HOW TO COMPLETE THIS TASK
Your task is to print, exactly and only, the lines from the start of the entries below through the line with "A questionnaire to". Include both ends, but skip the pictures.
BEGIN MATERIAL PROVIDED
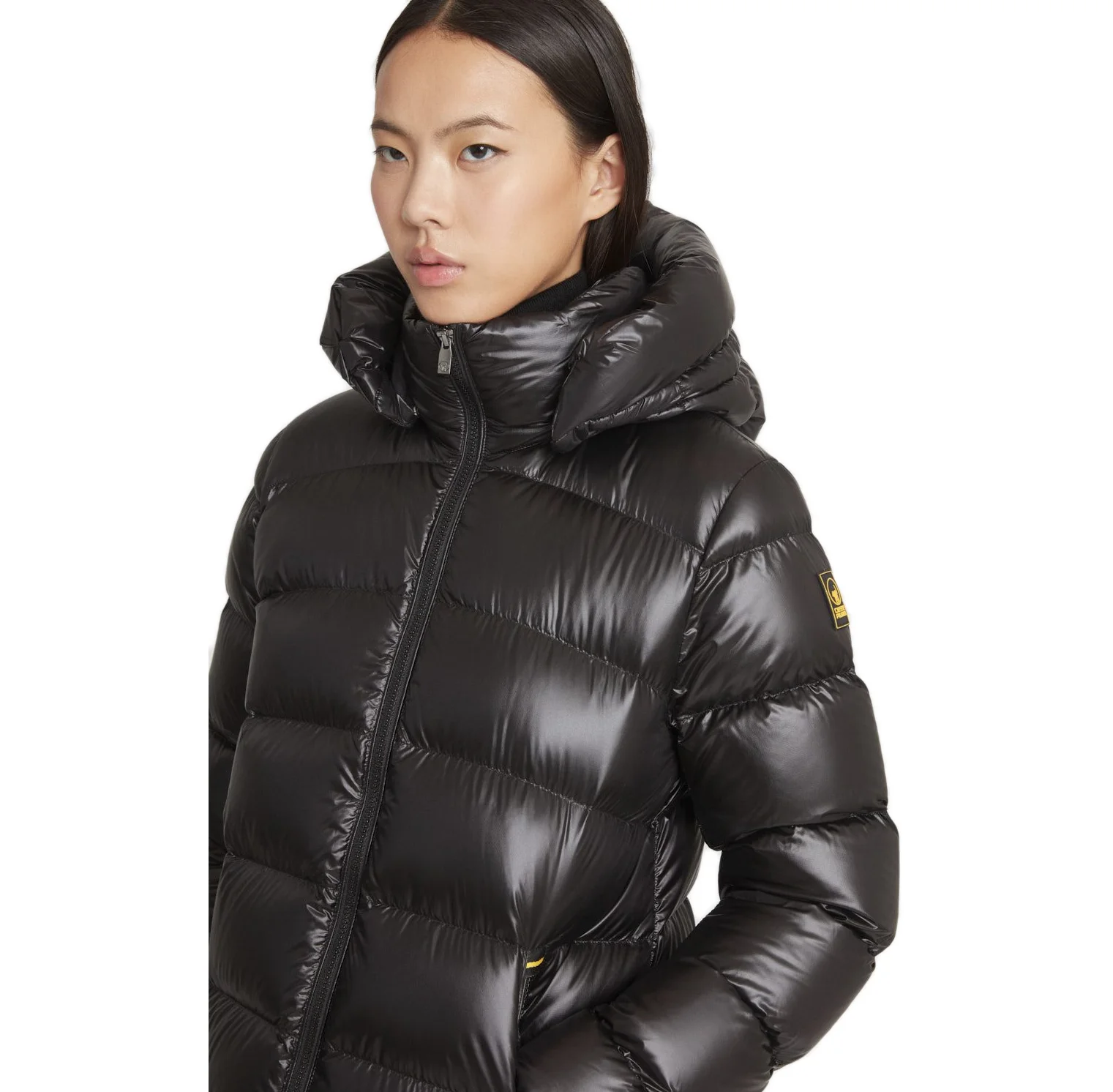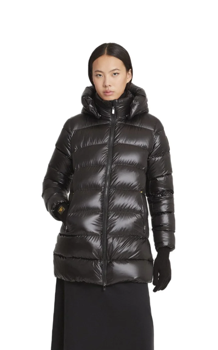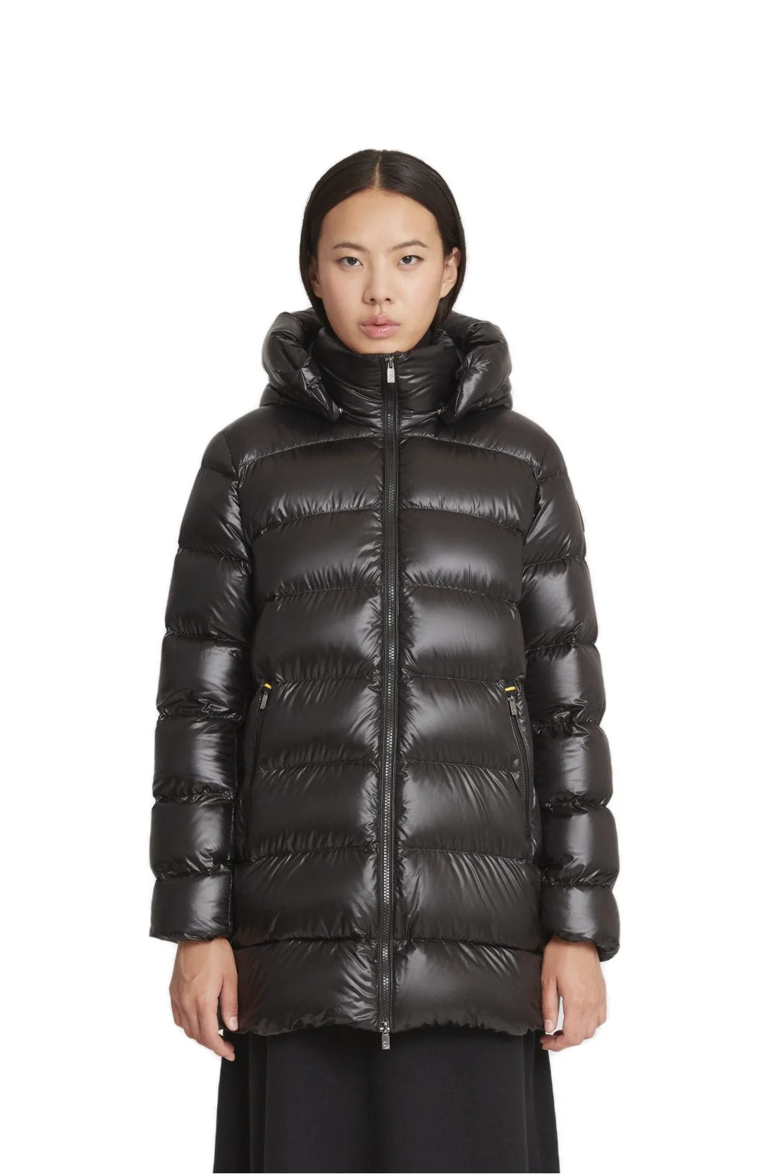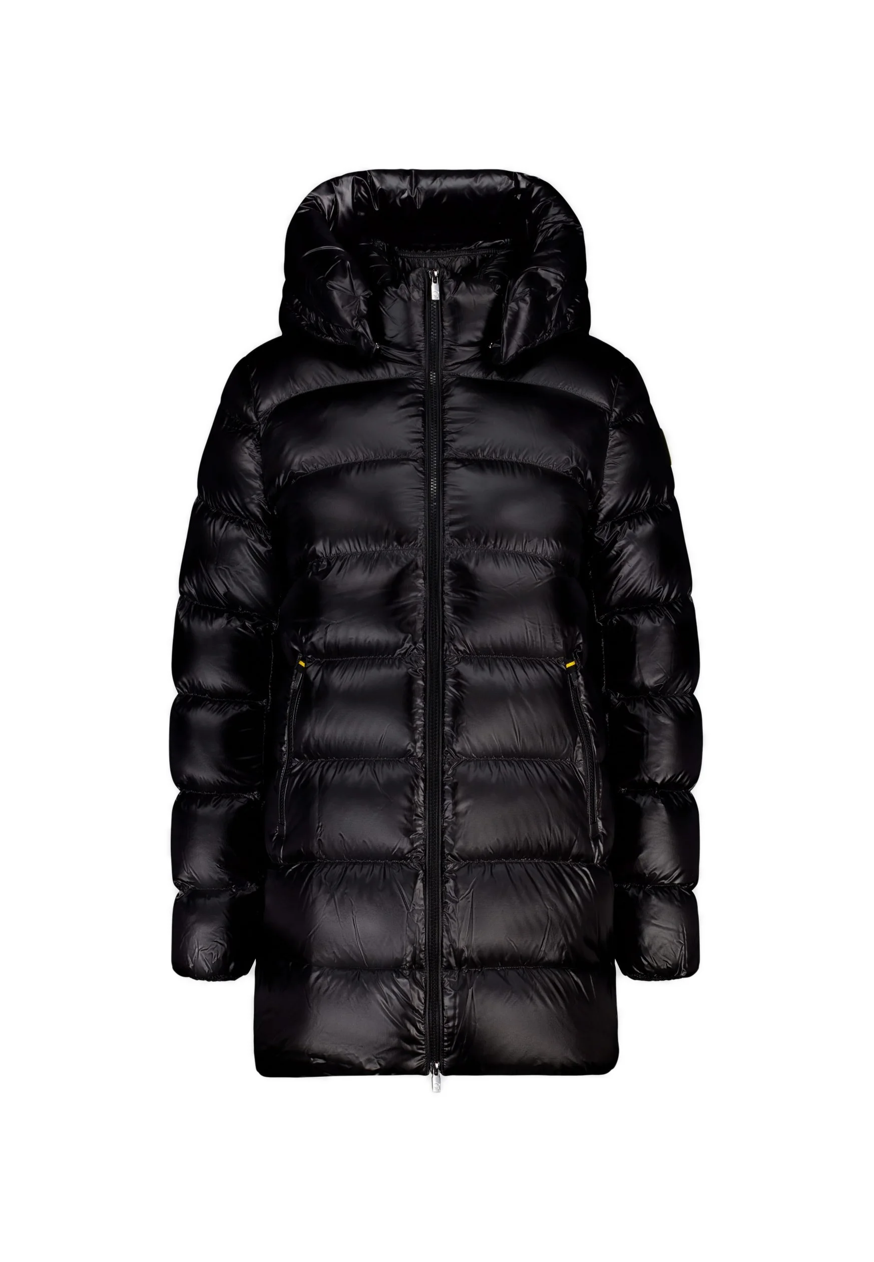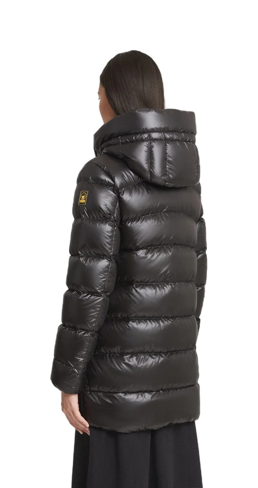 Piumino medio-lungo nero 200 grammi da donna con cappuccio staccabile, realizzato in tessuto microripstop lucido a trama nera e imbottito con vera piuma certificata 800 fill power, che assicura elevate performance termiche e leggerezza assoluta.
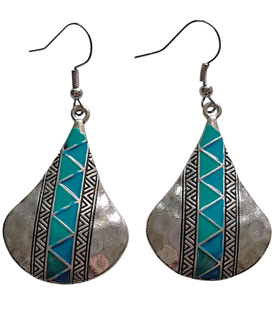 Zielone i turkusowe trójkąty przypominają o chłodzie palmowego cienia i oddechu powietrza tuż po zachodzie słońca.
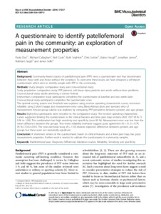 A questionnaire to identify patellofemoral pain in the community: an exploration of measurement properties.
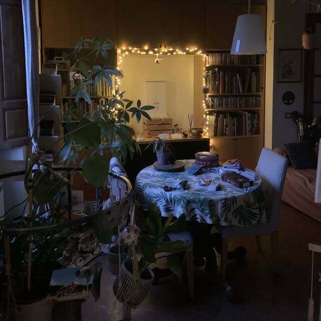 Le piante, i libri, i dvd e le luci attorno al Gohozon assieme alle prime luci del mattino; ecco il mio angolo di calore in casa🏡🥹🔥✨
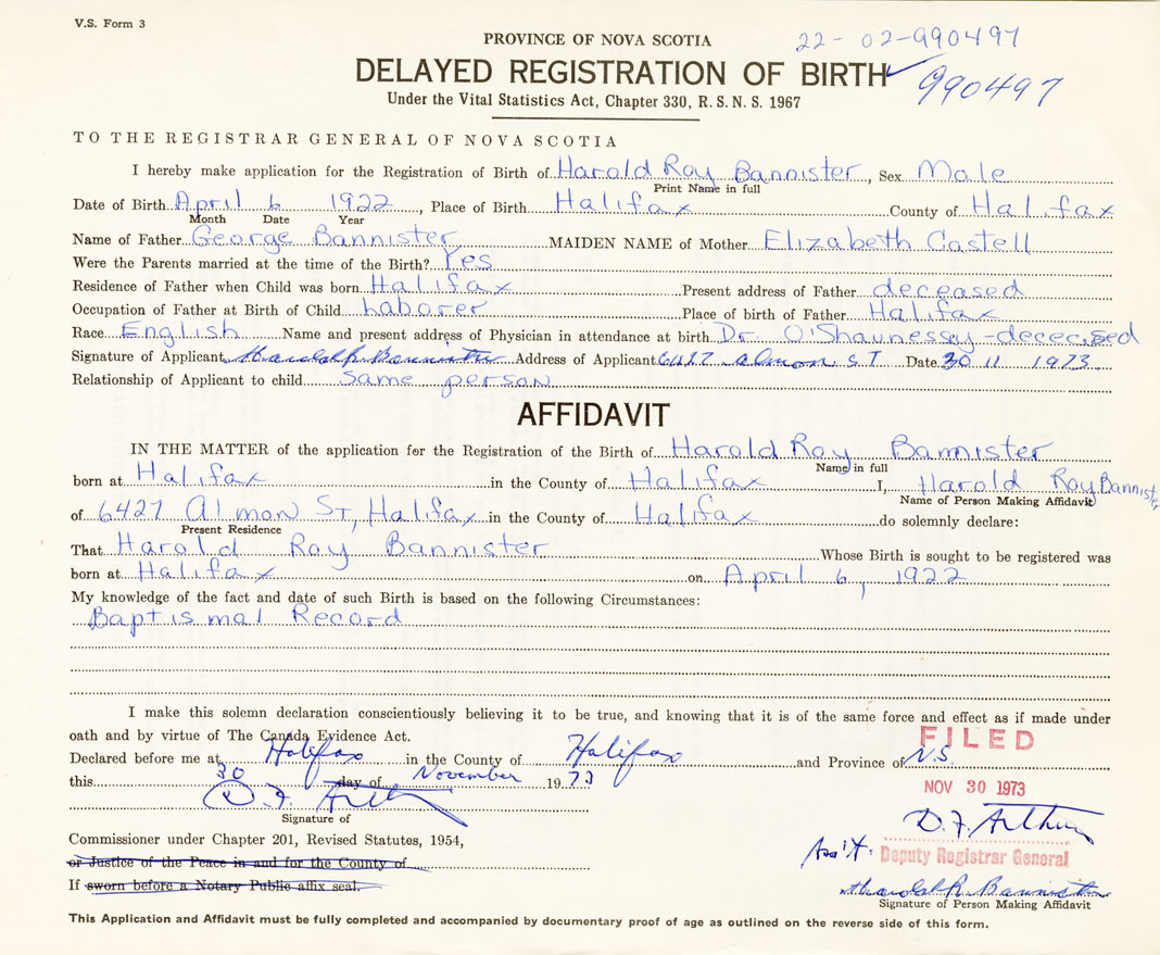 Signature of Applicant Harold Bannister Address of Applicant 6422 Almon Street, Halifax Date 30 November 1973
END MATERIAL PROVIDED
RESPONSE BELOW
 Piumino medio-lungo nero 200 grammi da donna con cappuccio staccabile, realizzato in tessuto microripstop lucido a trama nera e imbottito con vera piuma certificata 800 fill power, che assicura elevate performance termiche e leggerezza assoluta.
 Zielone i turkusowe trójkąty przypominają o chłodzie palmowego cienia i oddechu powietrza tuż po zachodzie słońca.
 A questionnaire to identify patellofemoral pain in the community: an exploration of measurement properties.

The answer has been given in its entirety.